[[ Material to process open ]]

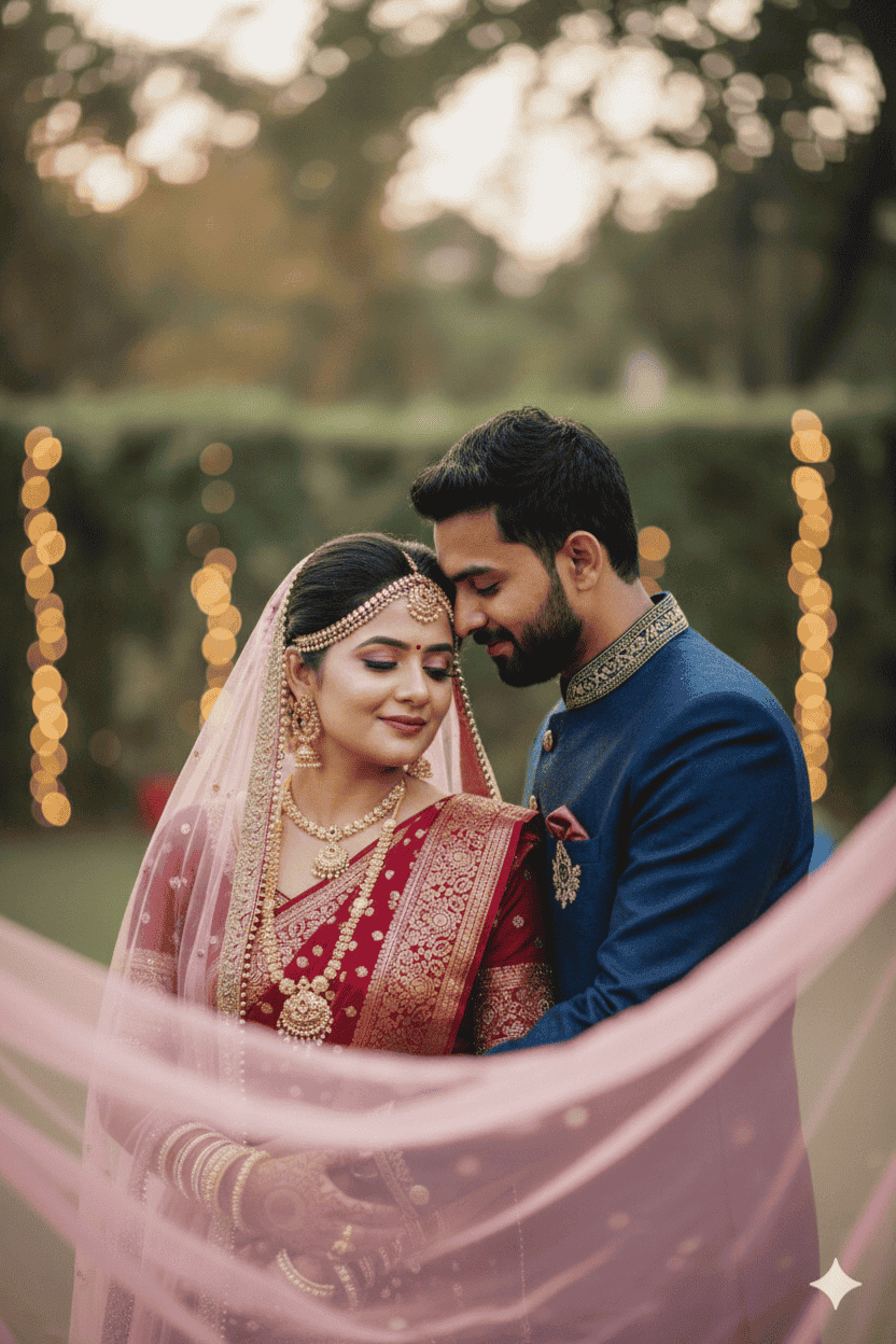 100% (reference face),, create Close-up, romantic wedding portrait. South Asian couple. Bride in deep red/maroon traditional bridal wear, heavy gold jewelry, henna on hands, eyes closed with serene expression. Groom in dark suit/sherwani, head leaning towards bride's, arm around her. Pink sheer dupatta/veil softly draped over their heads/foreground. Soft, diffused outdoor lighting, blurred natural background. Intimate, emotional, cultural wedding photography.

[[ Material to process closed ]]
[[ Material to process open ]]

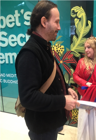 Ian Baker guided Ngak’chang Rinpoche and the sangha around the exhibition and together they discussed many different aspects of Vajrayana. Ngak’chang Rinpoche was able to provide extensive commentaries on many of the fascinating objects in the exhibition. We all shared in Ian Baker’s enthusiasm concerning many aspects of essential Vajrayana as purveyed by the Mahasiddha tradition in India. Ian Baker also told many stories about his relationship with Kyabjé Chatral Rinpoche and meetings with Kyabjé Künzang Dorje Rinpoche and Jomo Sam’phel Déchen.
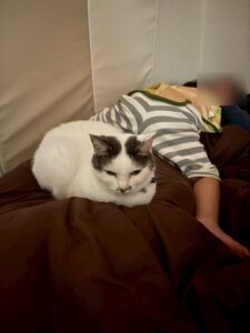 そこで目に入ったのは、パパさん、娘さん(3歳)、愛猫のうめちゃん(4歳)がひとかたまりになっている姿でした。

[[ Material to process closed ]]

- What this task involves: Set the pictures aside and reproduce exactly the lines above, from the line holding "Ian Baker guided" through the line holding "そこで目に入ったのは、パパさ", both included, with nothing else.

- Result:
 Ian Baker guided Ngak’chang Rinpoche and the sangha around the exhibition and together they discussed many different aspects of Vajrayana. Ngak’chang Rinpoche was able to provide extensive commentaries on many of the fascinating objects in the exhibition. We all shared in Ian Baker’s enthusiasm concerning many aspects of essential Vajrayana as purveyed by the Mahasiddha tradition in India. Ian Baker also told many stories about his relationship with Kyabjé Chatral Rinpoche and meetings with Kyabjé Künzang Dorje Rinpoche and Jomo Sam’phel Déchen.
 そこで目に入ったのは、パパさん、娘さん(3歳)、愛猫のうめちゃん(4歳)がひとかたまりになっている姿でした。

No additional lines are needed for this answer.